If the number of failures for a service is > 0 for all the values returned for any given minute, we consider that service to be "down" for that minute. (So if we have both a failure and a success in a given minute, that does not count as downtime.) That is why we have the second recorded metric to produce the actual "up for this minute" boolean values. The second recorded metric builds on the first, which is OK since the Prometheus documentation says the recorded metrics are run in series within each group.
So "Uptime" for any given duration is the sum of "up for this minute" values (i.e. 1 for each minute up) divided by the total number of minutes in the duration, whatever that duration happens to be.
Since we have defined a recorded metric named "minute_up_bool", we can then create an uptime graph over whatever range we want. (BTW, recorded metrics are only generated for times after you first define them, so you won't get yesterday's time series data included in a recorded metric you define today.) Here's a query you can put in Grafana to show uptime % over a moving window of the last 5 days:
sum_over_time(minute_up_bool[5d]) * 100 / (5 * 24 * 60)
So this is our recording rule configuration:
groups:
- name: uptime
interval: 1m
# Each rule here builds on the previous one.
rules:
# Get test results as pass/fail => 1/0
# (label_replace() removes confusing status="failure" label value)
- record: test_success_bool
expr: label_replace(clamp_max(test_statuses_total{status="failure"}, 1), "status", "", "", "") != bool 1
# Get the uptime as 1 minute range where the sum of successes is not zero
- record: minute_up_bool
expr: clamp_max(sum_over_time(test_success_bool[1m]), 1)

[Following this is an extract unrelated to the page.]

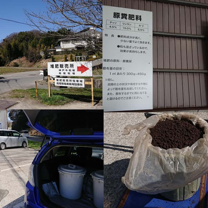 規模の小さな家庭菜園時代には神戸の畜産業者さんより豚糞を購入し福知山の畑まで運んでいましたが、規模を拡大した家庭菜園でも今年から豚糞も使うことにしました。
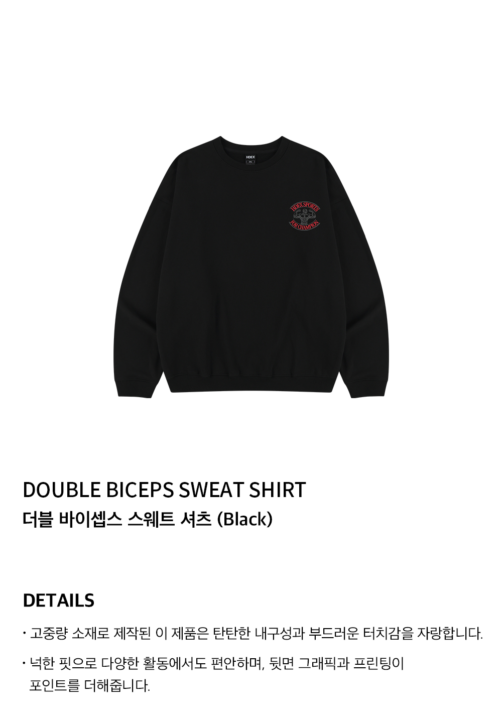 에이치덱스 더블 바이셉스 스웨트셔츠 블랙

You have to use recording rules because you cannot create a range
vector from the instance vector result of a function in a single
query
Actually you can, by using a subquery:
(...some complicated instant subexpression...)[5d:1m]
This gives the same results as if you'd used a recording rule with a 1 minute evaluation interval. The recording rule is still beneficial though, as it avoids recomputing the subexpression every time.